SUPPLIED RECORDS:
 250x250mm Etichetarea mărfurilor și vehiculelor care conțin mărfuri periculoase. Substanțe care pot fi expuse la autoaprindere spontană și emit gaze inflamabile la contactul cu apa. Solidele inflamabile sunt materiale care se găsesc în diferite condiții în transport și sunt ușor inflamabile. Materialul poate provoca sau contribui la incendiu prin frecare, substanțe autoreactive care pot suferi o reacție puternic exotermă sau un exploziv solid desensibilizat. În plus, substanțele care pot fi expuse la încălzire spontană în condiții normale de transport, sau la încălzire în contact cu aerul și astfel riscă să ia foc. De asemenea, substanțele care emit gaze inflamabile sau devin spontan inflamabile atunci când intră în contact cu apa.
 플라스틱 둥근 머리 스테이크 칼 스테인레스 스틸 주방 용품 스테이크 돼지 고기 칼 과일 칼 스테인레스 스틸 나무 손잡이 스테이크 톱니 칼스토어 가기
--
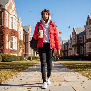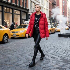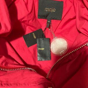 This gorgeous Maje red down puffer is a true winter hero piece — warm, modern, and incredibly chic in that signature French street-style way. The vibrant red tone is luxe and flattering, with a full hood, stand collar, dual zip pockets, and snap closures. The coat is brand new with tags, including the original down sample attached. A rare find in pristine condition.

WHAT NEEDS TO BE DONE: Reproduce, character for character, only the lines of the preceding data that start at the line with "250x250mm Etichetarea mărfurilor" and end at the line with "플라스틱 둥근 머리 스테이크", both included.

WRITTEN ANSWER:
 250x250mm Etichetarea mărfurilor și vehiculelor care conțin mărfuri periculoase. Substanțe care pot fi expuse la autoaprindere spontană și emit gaze inflamabile la contactul cu apa. Solidele inflamabile sunt materiale care se găsesc în diferite condiții în transport și sunt ușor inflamabile. Materialul poate provoca sau contribui la incendiu prin frecare, substanțe autoreactive care pot suferi o reacție puternic exotermă sau un exploziv solid desensibilizat. În plus, substanțele care pot fi expuse la încălzire spontană în condiții normale de transport, sau la încălzire în contact cu aerul și astfel riscă să ia foc. De asemenea, substanțele care emit gaze inflamabile sau devin spontan inflamabile atunci când intră în contact cu apa.
 플라스틱 둥근 머리 스테이크 칼 스테인레스 스틸 주방 용품 스테이크 돼지 고기 칼 과일 칼 스테인레스 스틸 나무 손잡이 스테이크 톱니 칼스토어 가기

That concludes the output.